Looking at the nominations through a queer eye, on the other hand, there’s not much to get excited about. But let’s focus on the good news first.
Among the movies nominated for Best Picture, several include LGBTQ characters and storylines. In “Everything Everywhere All at Once,” the popular indie sci-fi comedy that received the most nods (11) of any movie in the pack, the fate of the multiverse hinges on – among other things – a woman’s ability to acknowledge and affirm her daughter’s queer sexuality; the controversial but acclaimed “Tár” is built around Cate Blanchett’s consummate performance as an acclaimed lesbian symphony director accused of sexual misconduct, and features numerous queer characters among the supporting cast; “Women Talking,” Sarah Polley’s powerful drama about victims of sexual assault in a Mennonite colony, includes a transmasculine character (portrayed by nonbinary actor August Winter) in a small but crucial role.
In addition, “Elvis” was helmed by queer director Baz Luhrmann, who snagged a nomination as one of the film’s producers; and “The Fabelmans” was co-written by out gay screenwriter Tony Kushner, who likewise gained a nod as producer as well as sharing a nomination for Best Original Screenplay with Steven Spielberg.

As for the acting categories, a handful of performers earned nominations for playing LGBTQ-identifying characters.
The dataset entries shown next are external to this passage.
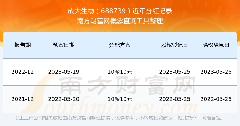 成大生物最新一次公布的分紅方案為10派10元。本次權(quán)益分派股權(quán)登記日為2023年5月25日,除權(quán)除息日為2023年5月26日,派息日為2023年5月26日。
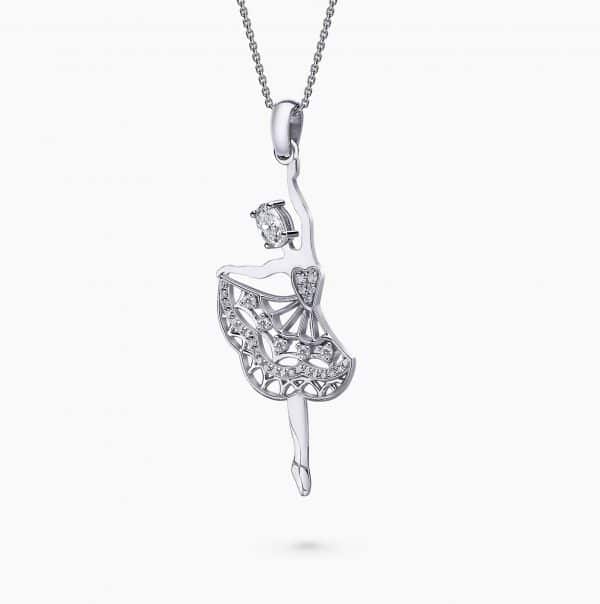A beautiful Ballerina Pendant mounted in 18K White Gold with a 0.30Ct. Oval cut Diamond and 0.20Ct. Diamond setting.
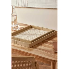 Kit 02 Bandejas Decorativas em MDF com Revestimento em PU Bege
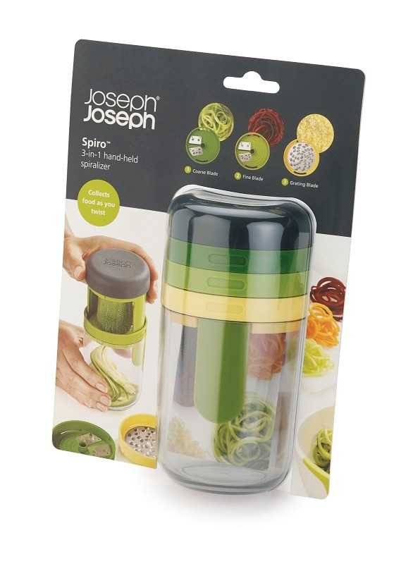 Спіральна овочерізка 3-в-1 Joseph Joseph Spiro™ (20105), яка спрощує подрібнення продуктів завдяки своїй ергономічній функції обертання. Продуманий дизайн робить різання та натирання простим і чистим завданням. Spiro складається з двох спіральних лез, великого та дрібного, терки та надзвичайно практичної ємності для збору, в яку потрапляють нарізані продукти. За допомогою лез та приємно м'якої ручки фрукти, овочі та салати можна легко нарізати або розрізати на пасма. Дві напрямні утримують їжу прямо під час нарізки.
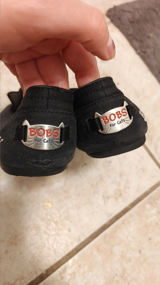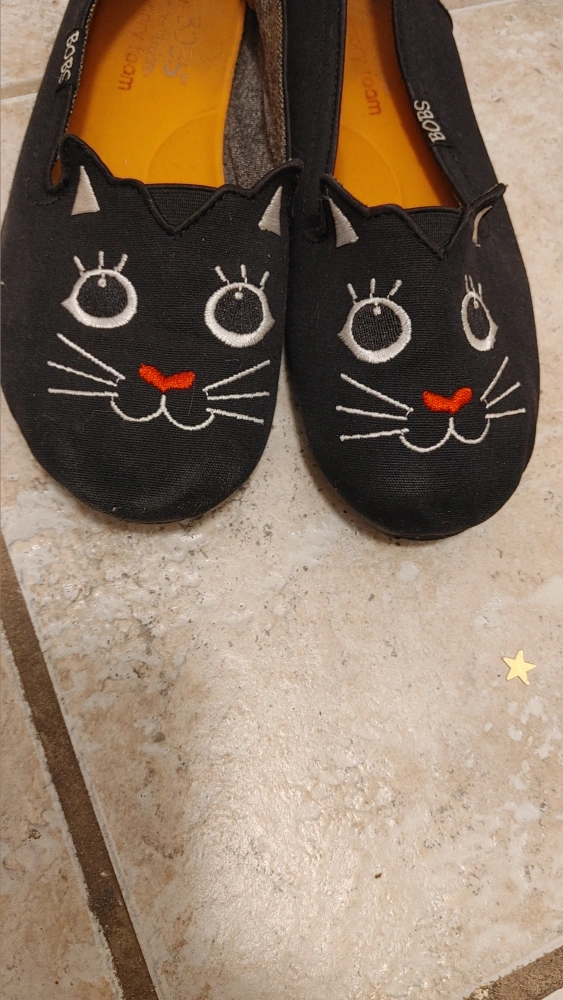 These BOBS for Cats flats are black with an embroidered cat face design. They're made of canvas with a cushioned insole. These shoes are fun for everyday wear!
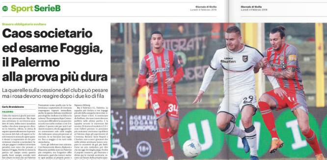 Giornale di Sicilia: “Caos societario ed esame Foggia, il Palermo alla prova più dura”
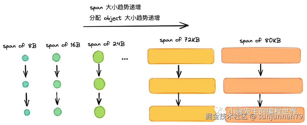 - 每个 mspan 根据空间大小以及面向分配对象的大小,会被划分为不同的等级(2.2小节展开)
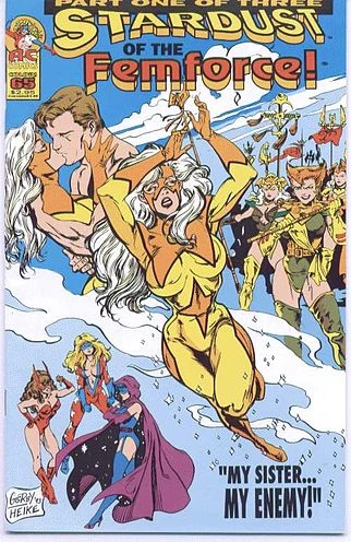 Stardust decided to return to planet Earth after defeating the Kronons to study its civilization. The humans' diverse cultures had fascinated her during her first visit. Stardust would soon be at Paragon’s side as his protege and would begin to learn to adapt to her new home. Soon after her arrival she and Paragon were both faced with the oncoming threat of the human turncoat Chromo and the reptilian Vardax invasion. Being notified by another alien faring from the planet Altrann, Commando D and his young friend Denny Brant, the mistress of magic Nightveil, and the smart mouthed Scarlet Scorpion also joined the fight against the invading forces of the alien shape-shifters called the Vardax. The five heroes united their collective might and fought together to repel the invaders plans to infiltrate many government agencies and take over Earth. Stardust and the other heroes soon defeated Chromo and the Vardax and decided to form a watch group of heroes, the Sentinels of Justice were born. The team next faced the mystery of Paragon’s true origin but the heroes, while remaining friends, largely stopped working as a team when both Stardust and Nightveil were asked to join the United States of America's government sanctioned Femforce.
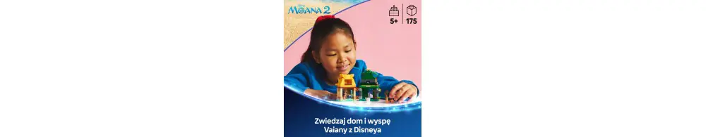 Na pięcioletnich i starszych fanów Vaiany Disneya czekają wspaniałe przygody podczas zabawy zestawem LEGO® ǀ Disney Zabawy Vaiany na wyspie (43260). Dwustronny model w mikroskali inspirowany filmem Disneya Vaiana 2 to mały zestaw oferujący ogromne możliwości. Na wyspie jest zjeżdżalnia z wodospadem i sekretnym wejściem, a w domku są pokoje, które zamieszkują mikrolaleczki LEGO | Disney Vaiany i jej siostry Simei, a także Pua. Akcesoria obejmują małą łódkę i inne elementy zachęcające do wymyślania różnych przygód. Wyspę można zamknąć na klucz, dzięki czemu dzieci mogą się nią bawić w każdym miejscu.
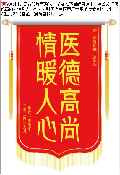 患者阳维军赠送电子锦旗感谢眼科谢琳等人,并向医疗救助基金捐赠善款100元。-锦旗-患者心声-患者服务-重庆医科大学附属第三医院【官方网站】
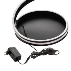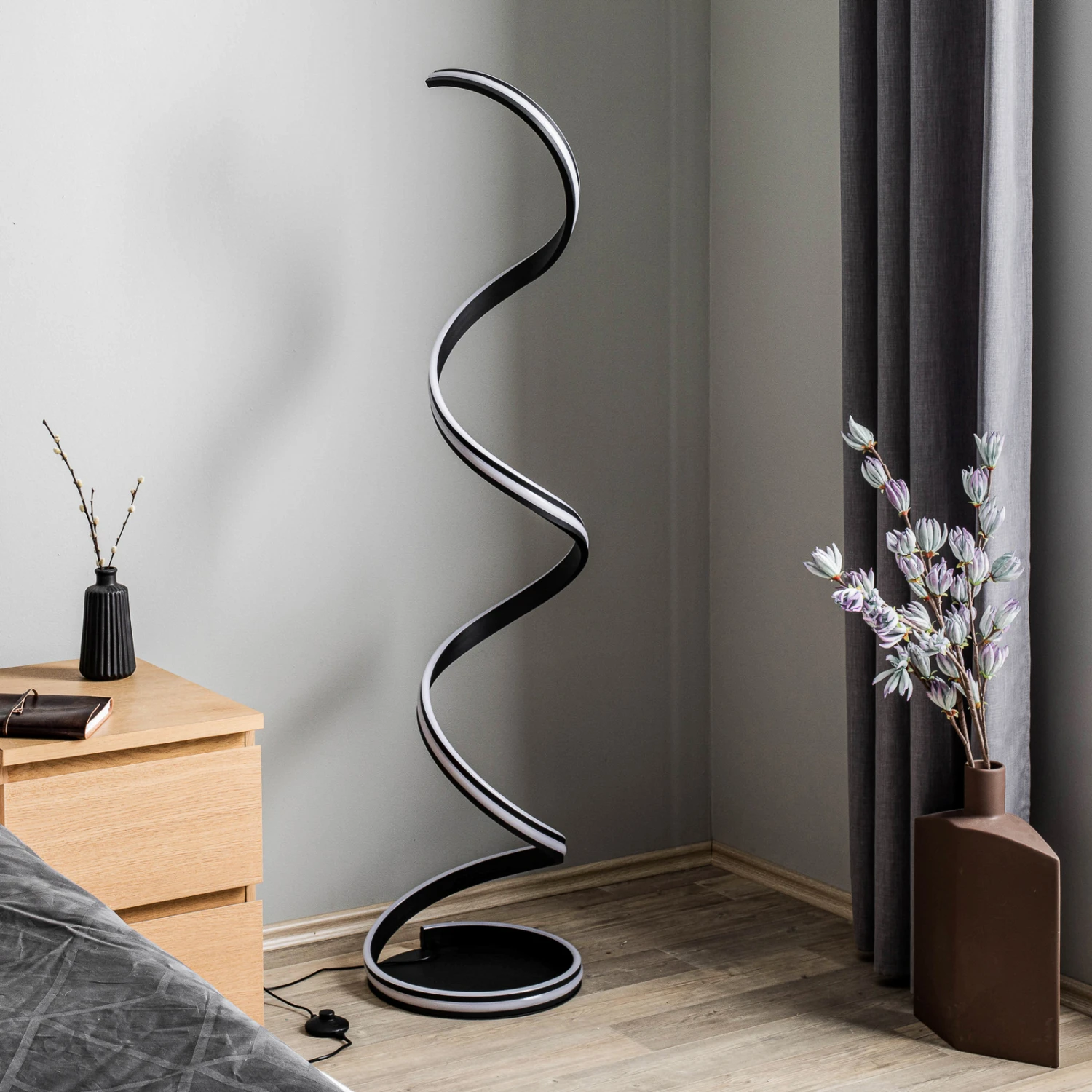 Schwarze LED-Stehleuchte Salloa mit Dimmfunktion und CCT-Farbwechsel, Spirale

Blanchett, in “Tár,” is seen as a shoo-in for Best Actress; similarly, first-time nominee Brendan Fraser, whose “comeback” performance as an obese gay man consumed by grief and regret after the death of his partner in “The Whale” gained almost universal praise despite controversies surrounding the movie itself, is a strong contender among a slate of other first-timers in the Best Actor race.
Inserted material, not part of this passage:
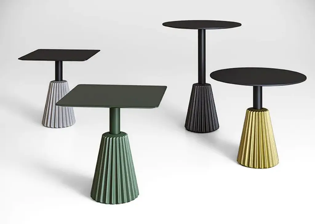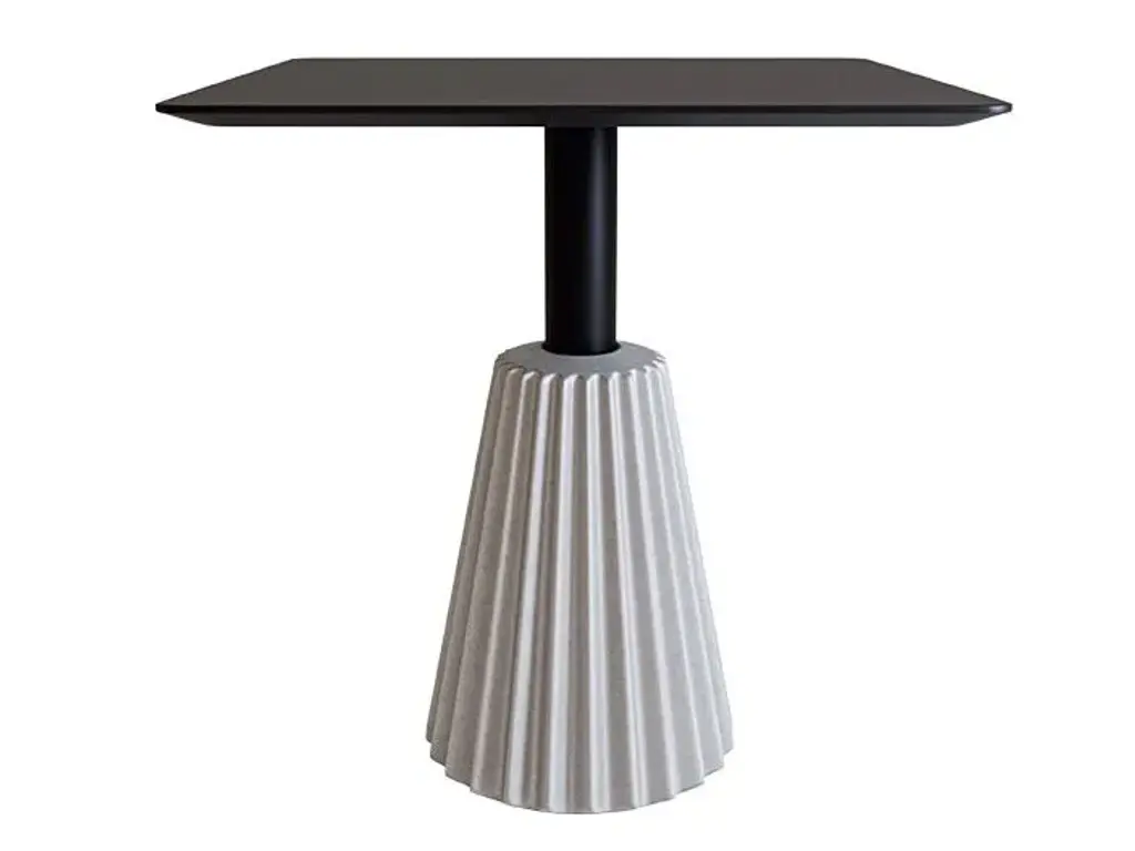 Table with base made of concrete agglomerate natural or painted and metal stand. The version with metal plate at the ground has the purpose to support tops of larger size. The top to match with can be round or square in all types and finishes proposed in the catalogue and in the sample bookAn iconic accessory of the aristocratic wardrobe of the XVI and XVII century. In this collection of tables the pleated process becomes the distintive element that enanches and refines the concrete base. Suitable both for indoor, contract or residential, and outdoor
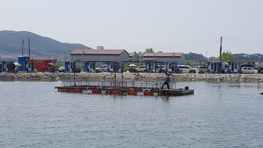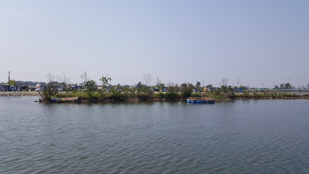 중앙 섬까지 채비를 날리려고 과하게 휘둘렀더니 찌만 섬까지 날아갔다. ㅡㅡ.

Stephanie Hsu, who portrays the above-mentioned lesbian daughter in “Everything,” also became a first-time Oscar nominee, for Best Supporting Actress; lastly, though it might be a bit of a cheat, it’s worth mentioning that “Everything” also depicts – quite memorably – versions of the characters played by Best Actress nominee Michelle Yeoh and Best Supporting Actress nominee Jamie Lee Curtis as [SPOILER ALERT] a same-sex couple in an alternate universe.

(Image courtesy of A24)
Other notably queer-inclusive films in the overall Oscar lineup include: “Close,” directed by filmmaker Lukas Dhont, a Belgian coming-of age drama nominated for Best International Feature; “Glass Onion: A Knives Out Mystery,” the comedy crime caper sequel that confirms the queerness of detective Benoit Blanc (played by Daniel Craig), earned writer-director Rian Johnson a nod for Best Adapted Screenplay; “Babylon,” Damien Chazelle’s ambitious ensemble drama about 1920s Hollywood, which was snubbed in the “major” categories but earned nominations for Justin Hurwitz’s original score and its costume and production designs; and incredibly enough, “Top Gun: Maverick,” which scored multiple nominations including Best Picture and Adapted Screenplay, makes the inclusion list through the involvement of queer ally Lady Gaga, who is co-nominated (with BloodPop) for writing Best Original Song contender “Hold My Hand.”
While the inclusiveness in some cases could be perhaps described as marginal, at best, and none of the nominated titles are predominantly queer focused, it’s still heartening to see a crop of widely varied films in which an LGBTQ presence is not only visible, but normalized, almost routine. That’s a far cry from 2006, when the high-profile nominations and wins for “Brokeback Mountain” provoked outrage and outcry among industry old-timers. Progress has clearly been made.
Unfortunately, while the Academy has clearly become more comfortable with movies that allow queer people to exist on the screen at all, it’s still prone to some of its old habits – and this year’s nominations underscore the importance of keeping up pressure on the Hollywood establishment to prevent backsliding. In recent years, LGBTQ-themed films and out queer performers have increasingly been part of the party on Oscar night, with movies like “Moonlight,” “Call Me By Your Name,” “Bohemian Rhapsody,” “Rocket Man” and more emerging as major contenders and, in some cases, even taking home the prize; but this year, the roster is frustratingly straight.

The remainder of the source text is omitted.